Europa Ocidental e América do Norte
Um dos pontos de poluição mais notórios do Canadá — “Chemical Valley”, em Sarnia, Ontário — tem efeitos perturbadores para a saúde da Primeira Nação Aamjiwnaang. Existem mais de 40 grandes instalações petroquímicas, poliméricas, de refino de petróleo e químicas nas proximidades de Aamjiwnaang, bem como uma usina a carvão. Esta comunidade indígena sofre com a pior qualidade do ar no Canadá. Problemas de saúde física e psicológica são comuns, incluindo altas taxas de abortos espontâneos, asma infantil e câncer.
Nos Estados Unidos, as taxas de câncer em comunidades predominantemente negras são muito mais altas do que a média nacional, como por exemplo em Mossville, St. Gabriel, St. James e St. John the Baptist, distritos localizados no “Cinturão do Câncer” da Louisiana, que abriga mais de 150 refinarias e usinas petroquímicas, incluindo o maior produtor mundial de isopor. As grandes instalações industriais poluentes dos Estados Unidos estão localizadas desproporcionalmente em comunidades com as maiores porcentagens de afrodescendentes, as menores rendas familiares e a maior proporção de residentes que não concluíram o ensino médio. Um importante estudioso escreveu que, “habilitado pelo zoneamento estadual, uma onda de usinas químicas caiu sobre comunidades afro-americanas como uma bomba”.
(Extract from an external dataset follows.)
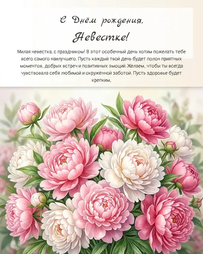 В поисках идеального способа поздравить любимую невестку с днем рождения? Здесь вы найдете теплые слова, которые помогут выразить вашу искреннюю любовь и признательность. Невестка – это не просто жена вашего сына или брата, это член семьи, которая привнесла в ваш дом новые краски и радость. Выберите готовые открытки, или составьте свое уникальное послание, которое растопит сердце вашей невестки. Мы верим, что каждое слово наполнено нежностью и искренними пожеланиями, которые сделают этот день незабываемым. Пусть ваш подарок в виде слов принесёт ей только счастье и улыбки!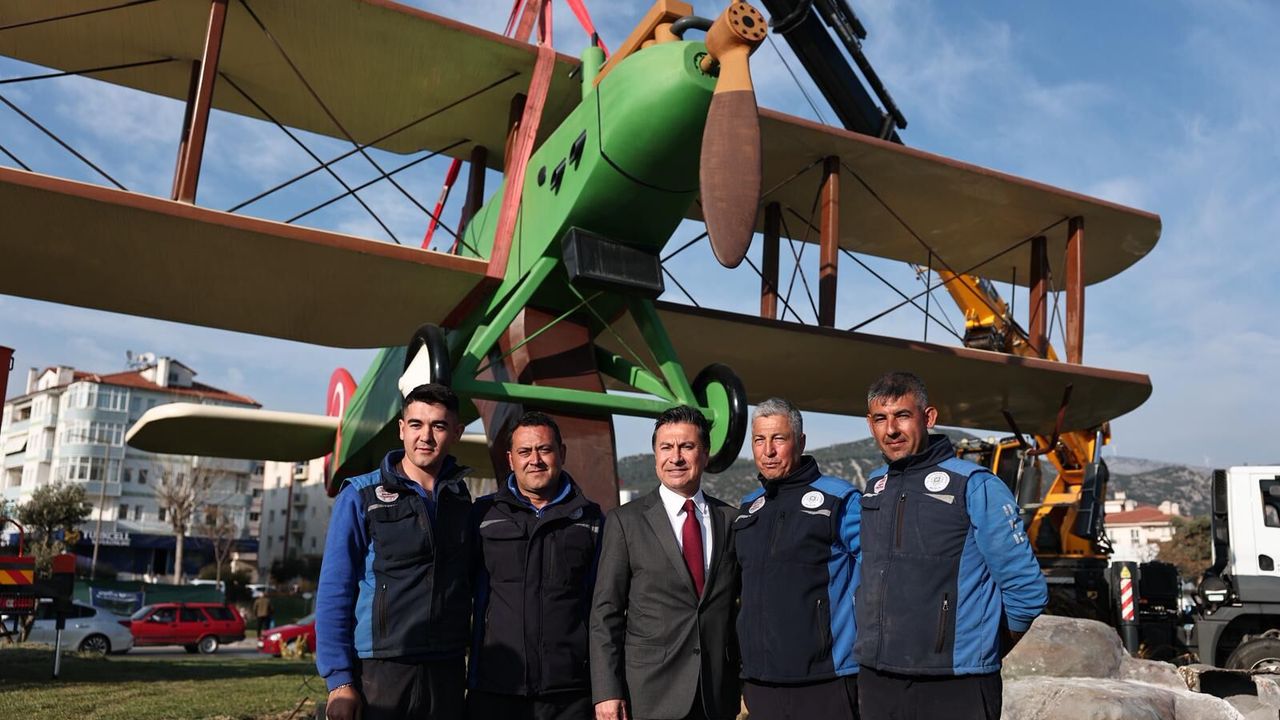 Fen İşleri Dairesi Başkanlığı ekipleri tarafından yürütülen çalışmalar kapsamında tayyare maketi bakım ve restorasyondan geçirilerek estetik ve yapısal olarak yenilendi. Ardından döner kavşağa yerleştirilen maket, yeniden Muğla’nın simgeleri arasındaki yerini aldı.

O Cinturão do Câncer contém 7 dos 10 setores censitários dos Estados Unidos com o maior risco de câncer devido à poluição do ar. Em 2020, as concentrações de cloropreno (causador de câncer) no ar do distrito de St. John the Baptist foram 8.000 vezes maiores do que o nível aceitável estabelecido pela Agência de Proteção Ambiental dos Estados Unidos.
A usina siderúrgica Ilva, em Taranto, Itália, comprometeu a saúde das pessoas e violou direitos humanos por décadas, liberando grandes volumes de poluição tóxica no ar. Moradores próximos sofrem de níveis elevados de doenças respiratórias, doenças cardíacas, câncer, doenças neurológicas debilitantes e mortalidade prematura. As atividades de limpeza e remediação que deveriam começar em 2012 foram adiadas para 2023, com o Governo introduzindo decretos legislativos especiais permitindo que a usina continue operando. Em 2019, o Tribunal Europeu dos Direitos Humanos concluiu que a poluição ambiental continuava, colocando em risco a saúde dos requerentes e, de forma mais geral, de toda a população que vive nas áreas de risco.
Os exemplos anteriores de zonas de sacrifício representam alguns dos lugares mais poluídos e perigosos do mundo, ilustrando violações flagrantes de direitos humanos, particularmente de populações pobres, vulneráveis e marginalizadas. As zonas de sacrifício representam o pior abandono imaginável da obrigação de um Estado de respeitar, proteger e garantir o direito a um ambiente limpo, saudável e sustentável.